The new capture infrastructure was designed to allow us to inspect and “freeze” deep levels of WebRender pipeline. It was delivered in a sequence of PRs: #2232, #2305, #2326, and #2332.
Level 1: user input
This level should really be zero, if not for markdown forcing 1-based indexing. Technically, WebRender hasn’t done anything with the data yet at this point, so the user is only themselves to blame :)
WebRender has recording functionality that writes out a continuous stream of commands, conceptually sitting somewhere half-way to the next level. It can be enabled programatically via RendererOptions
, or by enabling ENABLE_WR_RECORDING
environment variable when running Firefox. Recording produces a binary blob, which one can then attempt to replay with our wrench
tool, and even save out the individual frames as YAML/RON/JSON.
The exact experience of using this workflow may vary. I haven’t gotten much luck tracing down graphics issues with help of recording, expressing my frustration in an issue. In particular, the ability to save/load YAML frames is frequently broken because the translation isn’t done through Serde.
Level 2: scenes and resources
This is where capturing starts showing off. User can issue RenderApi::save_capture(path, CaptureBits::SCENE)
call to trigger a dump to disc (at the specified folder path) of all the scene data and resource templates. Serialization of internal structs is done through Serde and uses RON format by default.
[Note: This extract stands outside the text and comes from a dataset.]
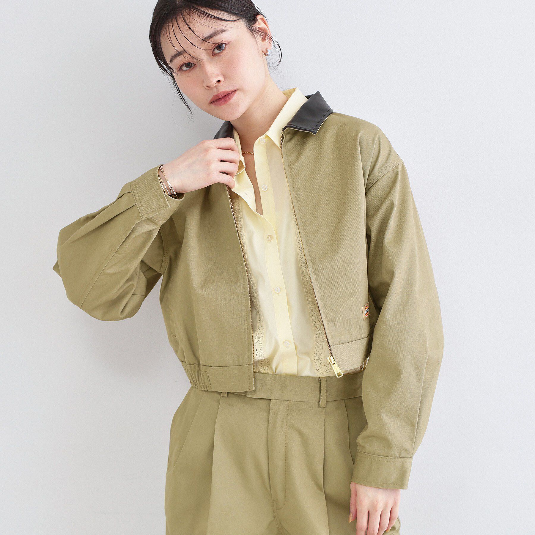【Dickies(R)(ディッキーズ(R))×OPAQUE.CLIP】別注シリーズレザー調使いのステンカラージップアップブルゾン【デザイン】・コンパクトなショート丈のバ.. |

All the external images and blobs are getting read and dumped to raw files.
This is what the render backend state looks like at this level:
default_device_pixel_ratio: 1,
enable_render_on_scroll: false,
frame_config: (
enable_scrollbars: false,
default_font_render_mode: Subpixel,
debug: false,
dual_source_blending_is_supported: true,
dual_source_blending_is_enabled: true,
),
documents: {
((1), 0): (
window_size: (2560, 1242),
inner_rect: ((0, 0), (2560, 1242)),
layer: 0,
pan: (0, 0),
device_pixel_ratio: 1,
page_zoom_factor: 1,
pinch_zoom_factor: 1,
),
},
resources: (
font_templates: {
((3), 4): Native((
pathname: "/usr/share/fonts/dejavu/DejaVuSans.ttf",
index: 0,
)),
// .. some more ..
},
font_instances: {
((3), 324): (
font_key: ((3), 164),
size: 1800,
color: (r: 0, g: 0, b: 0, a: 255),
bg_color: (r: 0, g: 0, b: 0, a: 0),
render_mode: Alpha,
subpx_dir: Horizontal,
flags: (
bits: 6,
),
platform_options: Some((
lcd_filter: Legacy,
hinting: Light,
)),
variations: [
],
transform: (
scale_x: 1,
skew_x: 0,
skew_y: 0,
scale_y: 1,
),
),
// ... a few hundred more ...
},
image_templates: {
((3), 254): (
data: "externals/1",
descriptor: (
format: BGRA8,
width: 32,
height: 32,
stride: Some(128),
offset: 0,
is_opaque: false,
),
epoch: (0),
tiling: None,
),
// ... many more ...
},
),
Level 3: render task tree and gpu cache
This level is where things can go wrong, and these are most difficult to track down, especially when external blobs and textures are involved. Structures here are most diverse and complex, making the RON dumps less readable to human eyes. For example, here is what a batch looks like:
key: (
kind: Transformable(AxisAligned, BorderCorner),
blend_mode: PremultipliedAlpha,
textures: (
colors: (Invalid, Invalid, Invalid),
),
),
instances: [
(
data: (39168, 7, 2147483647, 1704039, 243, 0, 0, 0),
),
(
data: (39168, 7, 2147483647, 1704039, 243, 1, 0, 0),
),
],
item_rects: [
((0, 148), (2536, 558)),
],
In order to trigger this sort of capture, user needs to include CaptureBits::FRAME
flag (or just use all()
) in the save_capture
call. It takes longer because all the GPU side caches and targets need to be read back to main memory for saving.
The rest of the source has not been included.